If one fully understands a particular RNA shape space it should be possible to predict which 
sequences belong to it and which do not. Such a test would ideally be applied to possible ancestral 
sequences to insure their reasonableness. In attempting to make such predictions, three types of 
information would seem to be most relevant. The first requirement is structural information - 
preferably at atomic resolution for at least one sequence. The next item would be to have knowledge 
of how each point change individually effects validity in one sequence.
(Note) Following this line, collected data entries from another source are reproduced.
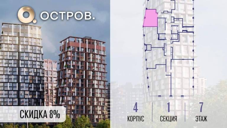 Продаётся 4-комн. квартира от застройщика: общая площадь 123.50 м, жилая 50.30 м, кухня 37.20 м, 10-й этаж, жилой квартал «Остров 12», корпус 1 (секция 2) .
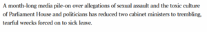 There was an outpouring of grief for the “trembling, tearful wrecks” of Cabinet Ministers forced on to sick leave, having to experience such ‘humiliating’ and ‘devastating’ claims. Some particularly callous commentary equated Porter’s life with that of the “ruined” life of the woman who died by suicide.
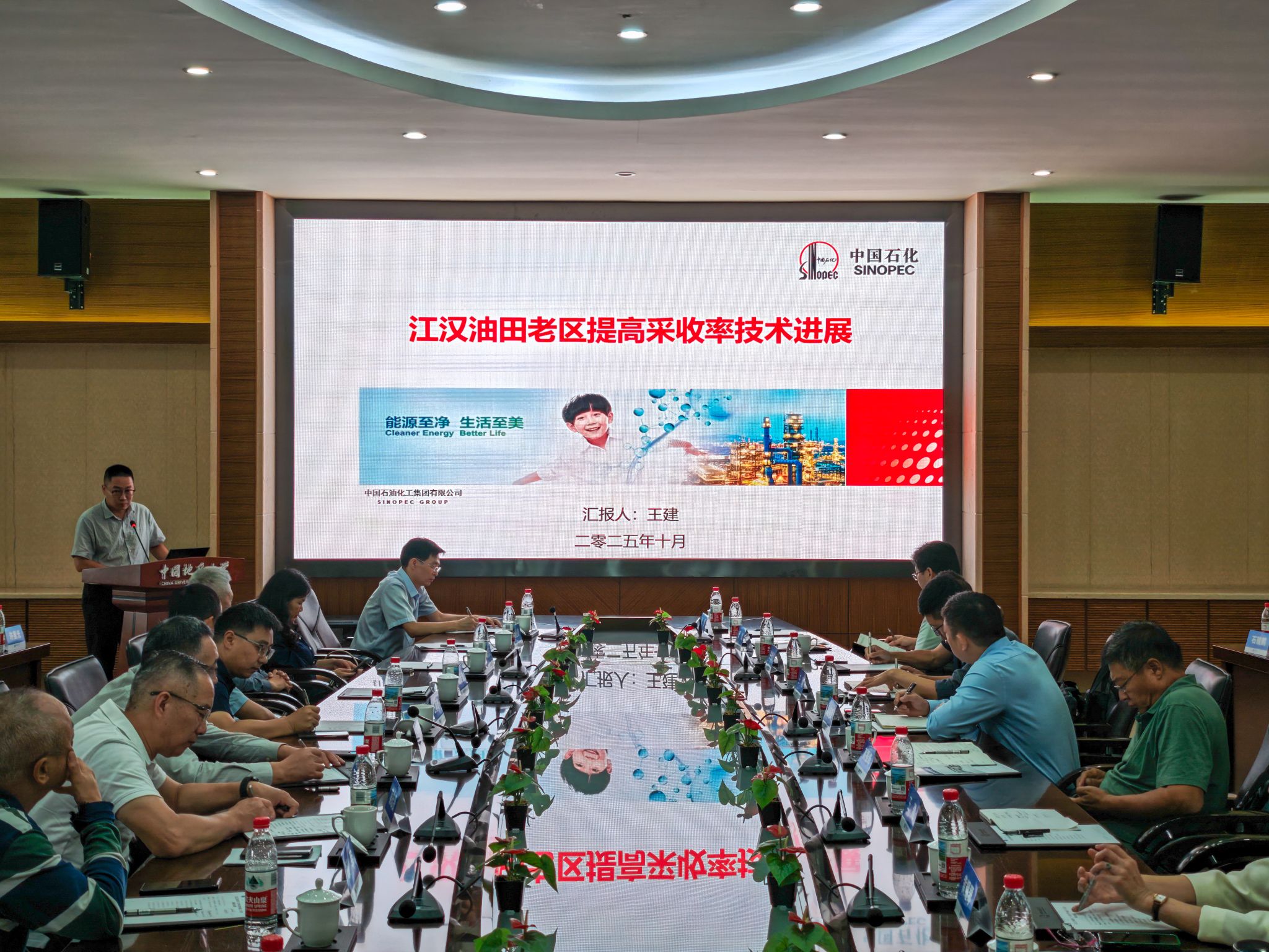 校友代表王建作行业发展报告。他以江汉油田老区油气开发为例,从江汉油田开发现状、江汉油田老区提高采收率进展和新领域开发方向三个方面,全面地介绍了江汉油田老区提高采收率技术进展与开发实践。他指出,非常规油藏开发逐步成为各大油田攻关的主要阵地,潜江凹陷潜江组潜四下段碳酸盐岩、盐间页岩油是未来江汉油田产能建设的主攻方向。
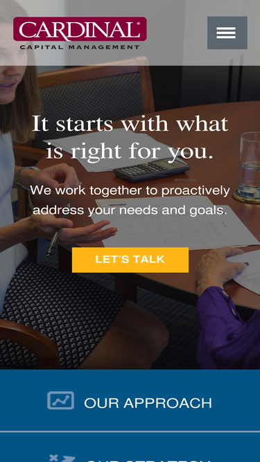 100%At Cardinal Capital, we’re committed to always acting in our clients’ best interests. Not only is it a promise, it’s a legal, fiduciary responsibility. That means no selling, no commissions. Just solid, long-term financial advice.
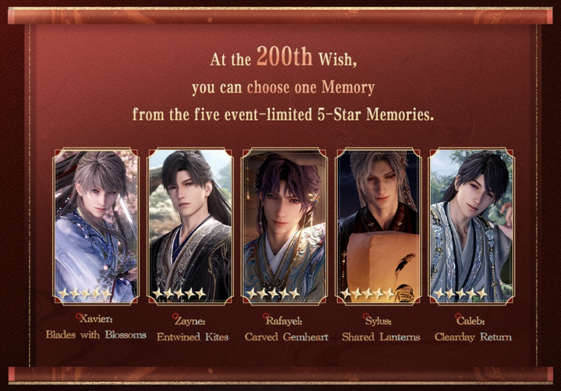 A limited time Memory Growth Bonus runs alongside the wish event. By completing growth tasks for event limited 5 Star Memories, players can earn upgrade and ascension materials.
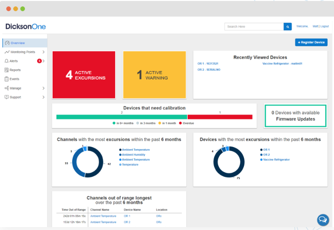 A comprehensive dashboard and reporting capabilities keeps all the data at your fingertips, in a view that provides instant information. The dashboard (See Figure 2) displays all critical monitoring information on one screen. Immediately attend to alerts and warnings, understand device performance over time, and much more. Dickson can help create customized, automated reports to reliably collect the data that matters most to your business needs.
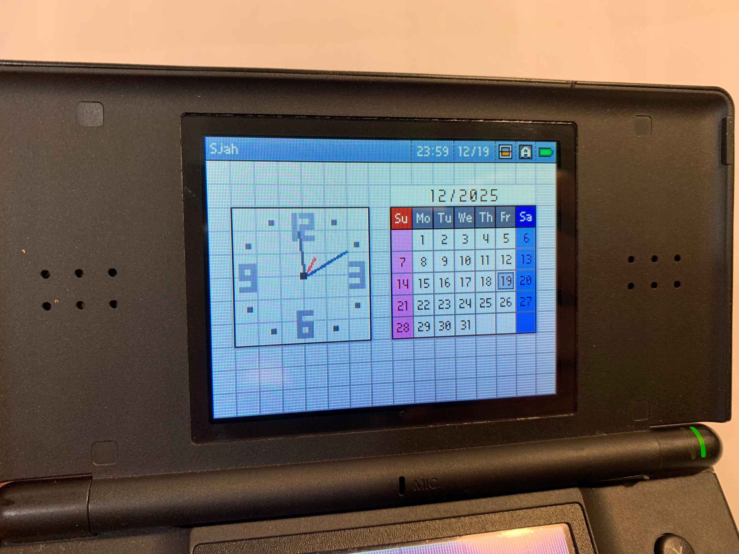 У консоли поврежден шарнир, верхний экран падает вниз и не держится вертикально. Нижний дисплей поврежден, на экране видны полосы и искажения, моргает нижняя часть. Звук в наушниках обрывается в зависимости от положения вилки в ВЧ гнезде. Аккумулятор на время работы не проверялся.
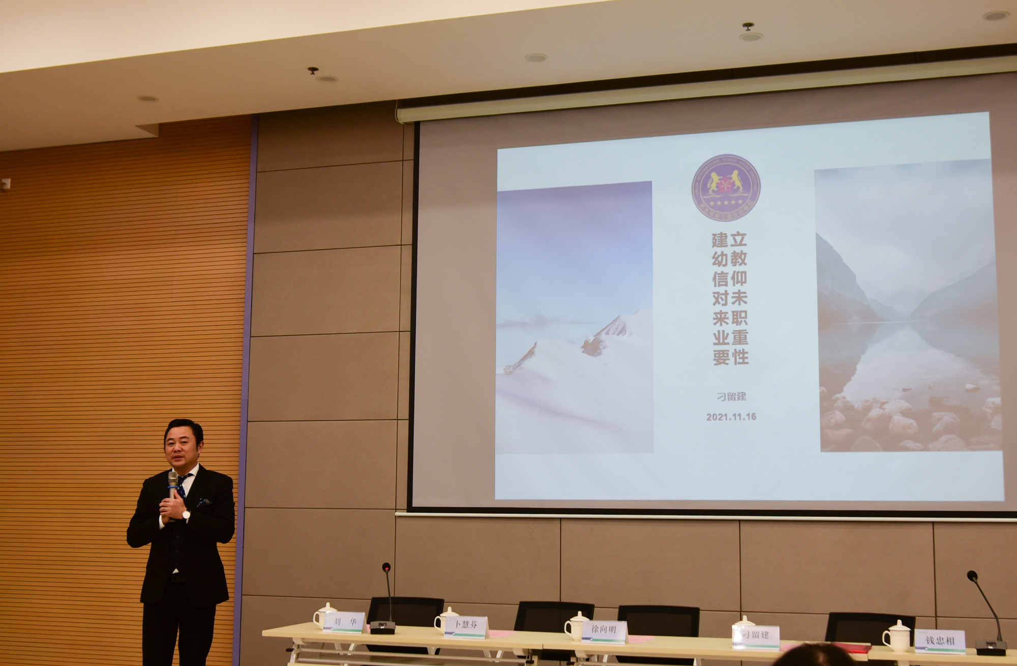 授聘仪式结束后,刁留建以《建立幼教信仰对未来职业的重要性》为题作了专题讲座,就“如何建立信仰”、“无可挑剔的人生蓝图”、“幼教人的精神追求”三个子主题展开分享,并对在座学子提出殷切希望:用真实真诚的情感对待每一个孩子,用爱和温暖贯穿整个职业生涯!
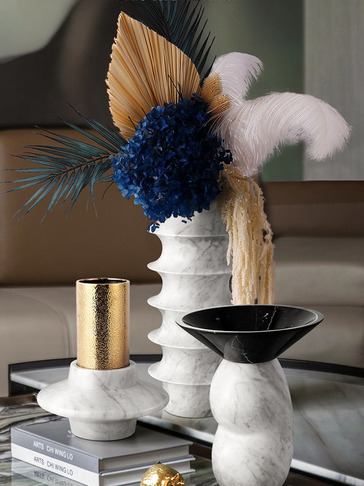 Bình hoa bằng đá cẩm thạch không chỉ mang lại vẻ đẹp thẩm mỹ mà còn có giá trị phong thuỷ. Trong phong thuỷ, đá cẩm thạch được coi là biểu tượng của sự may mắn và tài lộc. Việc sử dụng các món đồ decor nhà cửa như bình hoa này không chỉ giúp không gian trở nên đẹp mắt mà còn thu hút năng lượng tích cực và tạo ra một môi trường sống hài hòa, giúp gia chủ đón nhận may mắn và thành công.
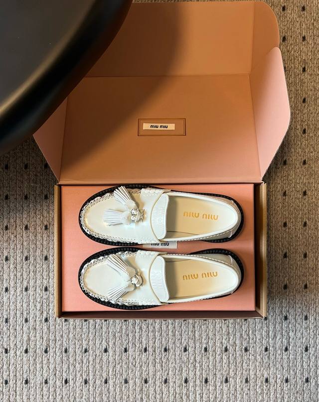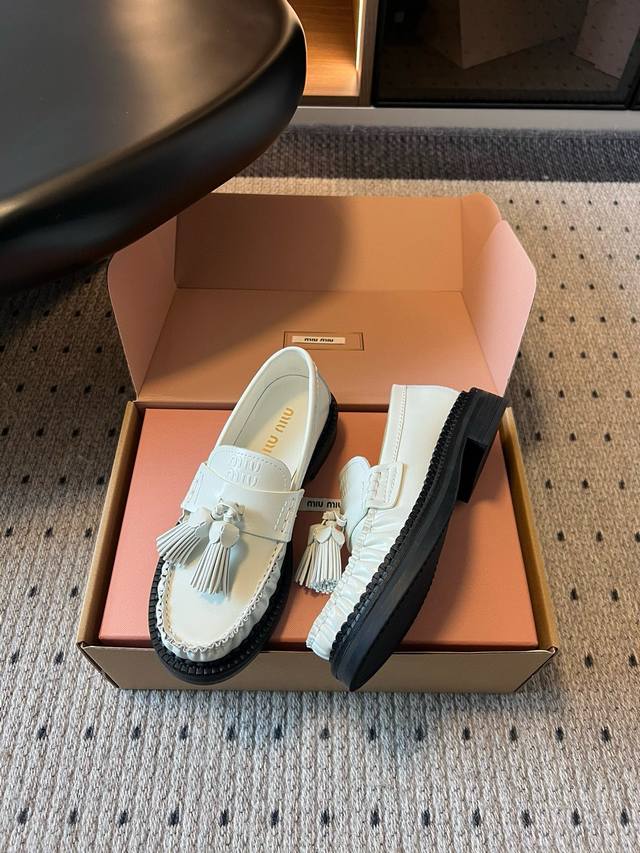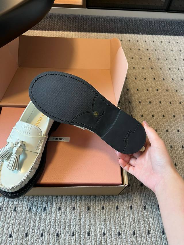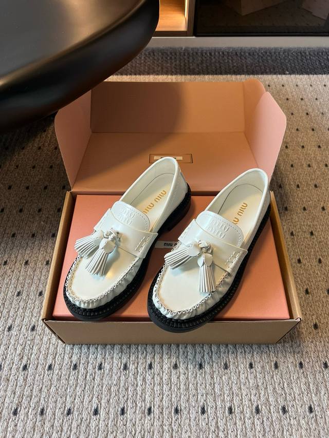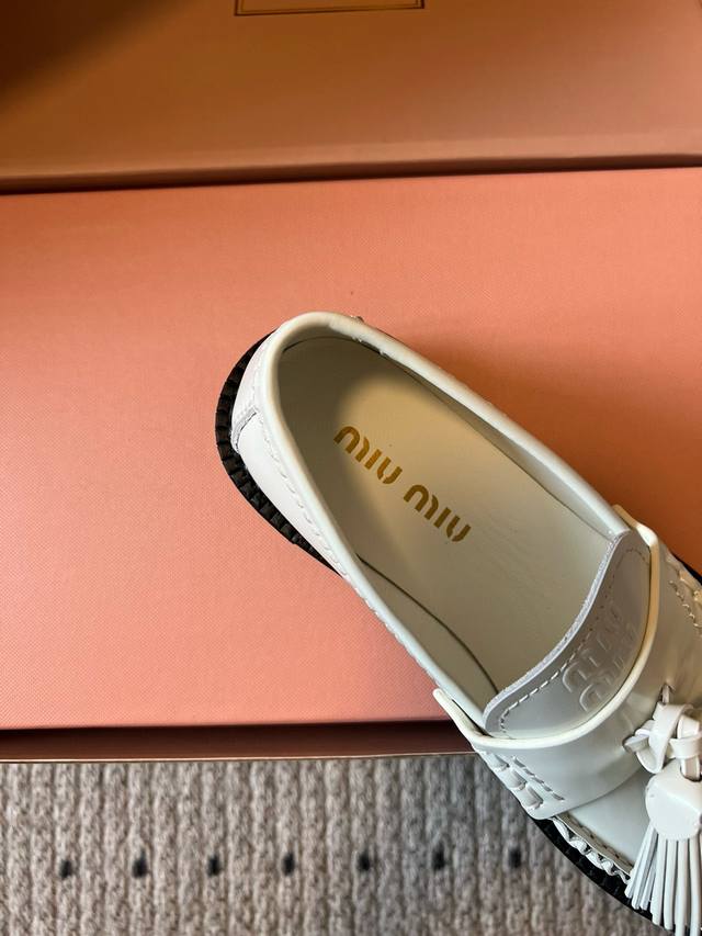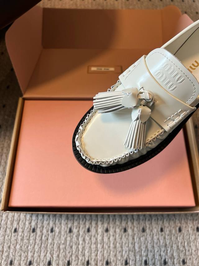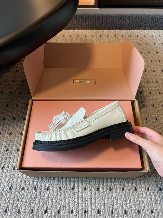 Miu Mi* 25Fw Deck Shoes New Tassel Loafers DDD Blending retro and modern styles, the classic loafer silhouette is adorned with tassel embellishments, adding a lively and playful touch; the platform design also brings a hint of retro British style, while enhancing the overall look. Made of high-quality leather, the shoes have a delicate texture and excellent luster. The stitching is exquisite, and the tassel details are meticulously crafted, showcasing the brand's refined workmanship. DDD Pair them with a pleated skirt and a white shirt, topped with a knitted cardigan, to create a fresh and youthful campus style. The tassel elements on the shoes complement the lively feel of the preppy look perfectly. DDD Upper: Cowhide DDD Lining: Cowhide DDD Outsole: Original mold outsole DDD Sizes: 35 40 40 (Custom sizes are non-refundable and non-exchangeable) DDD

Finally, comparative data- 
examples of valid sequences from as many naturally occurring organisms as possible in the local 
region of the shape space where predictions will be made. During the course of the project we sought 
principles that would facilitate predictions about various mutations basede on insights readily 
obtainable from comparative data.. 

One such principle is that mutations frequently accepted by closely related sequences are 
probably valid throughout much of an RNA sequence space. In the Vibrio cluster there are 15 
positions that differ from the consensus sequence in at least 5 organisms and another 10 positions that 
differ in at least 3 positions. Six of these variant positions involve Watson-Crick base- pairs and in 
those cases the two changes always occur together. If one examines another cluster of sequences of 
similar phylogenetic diversity, e.g. a Bacillus cluster, one similarly sees variable positions but not the 
same ones. One's intuition is that these variable positions are "in play" and that these consistently seen 
changes will usually be valid throughout at least the local region of sequence space covered by the 
organisms that define the cluster. Thus, in the case of the Vibrio cluster one would intuitively surmise 
that when known "Vibrio variants" are separately introduced into V. proteolyticus, that they would 
have a very high probability of resulting in valid sequences. During the past year we tested this 
hypothesis by completing the construction of all of the relevant mutants to test this hypothesis. With 
the exception of one change, all of these mutants supported the hypothesis. These results support 
the hypothesis that changes which frequently occur within a local region of sequence space 
have a very high probability of being accepted in any functional sequence in that region of 
sequence space. 

A second principle would appear to be as follows: Variants that are invalid in the standard 
sequence will usually only be found in other members of the shape space if there is also a 
compensating mutation. V. proteolyticus variants that are invalid in the E. coli cellular milieu do not 
occur naturally in other sequences in the Vibrio cluster. However, some of these "unexpected" 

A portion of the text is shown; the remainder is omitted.